Je reviens à Rémy Malbête. Il me parlait de Marius. Il aimait qu’il n’ait tué personne. Il aimait aussi qu’il ait volé les riches. Il se souvenait qu’il avait constamment « son ampoule dans sa poche », qu’il la montrait, qu’il ne s’en séparait pas. Il s’agissait certainement du produit qu’il avait utilisé pour s’endormir définitivement.
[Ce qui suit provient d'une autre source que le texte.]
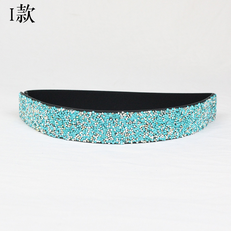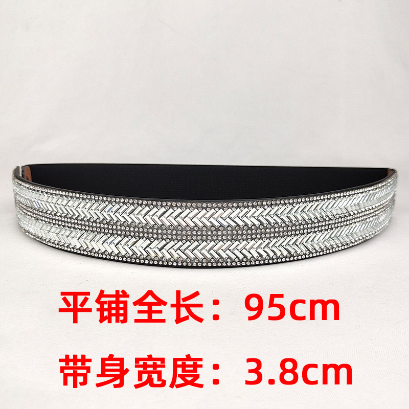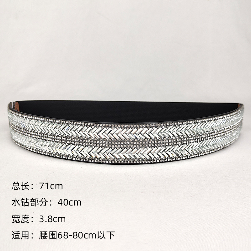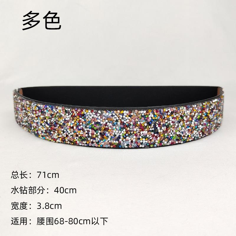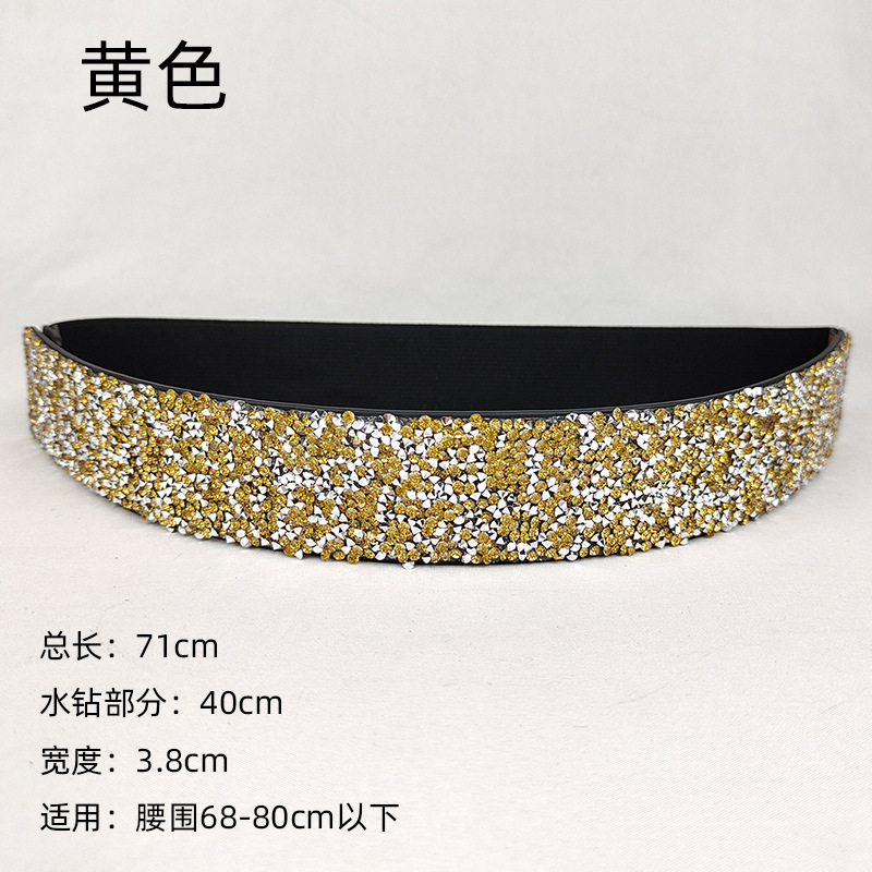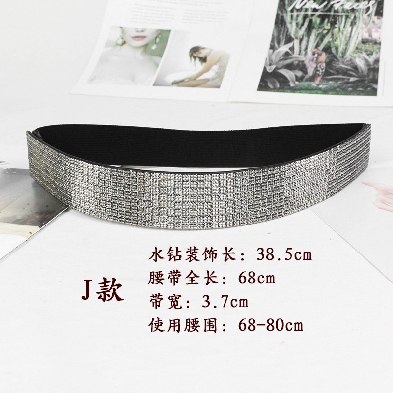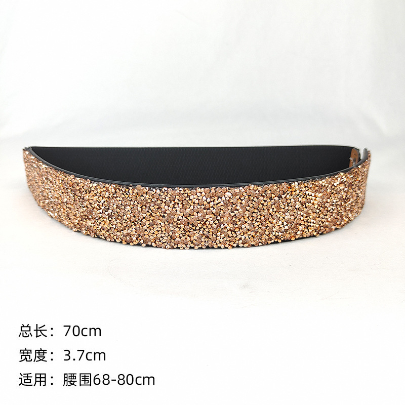 블링 모조 다이아몬드 박힌 풀 다이아몬드 탄성 와이드 벨트 플래시 다이아몬드 여성용 올매치 크리스탈 허리 패션 탄성 벨트

Marius n’avait pas fait de marché noir, il avait toujours vendu ses produits à un prix correct. On vantait particulièrement les chaussettes à rayures mauves, ou violettes, dont il avait équipé les laboureurs des environs durant la guerre et la période de pénurie qui avait suivi.
Manifestement, la famille Malbête résumait la synthèse de cette mentalité particulière du Bois Saint Denis, très proche de l’anarchisme de Marius Jacob.
Aujourd’hui encore, le CIRA vend une « cuvée Guy Malbête » en vin blanc. L’anarchiste de la belle époque a laissé à Reuilly une empreinte plus profonde qu’il n’y paraît. Longtemps, Guy a conservé la balance sur laquelle Marius pesait ses produits de mercerie. Guy s’en servait pour peser ses produits à lui, pour le traitement des vignes. Il y avait là une connivence secrète.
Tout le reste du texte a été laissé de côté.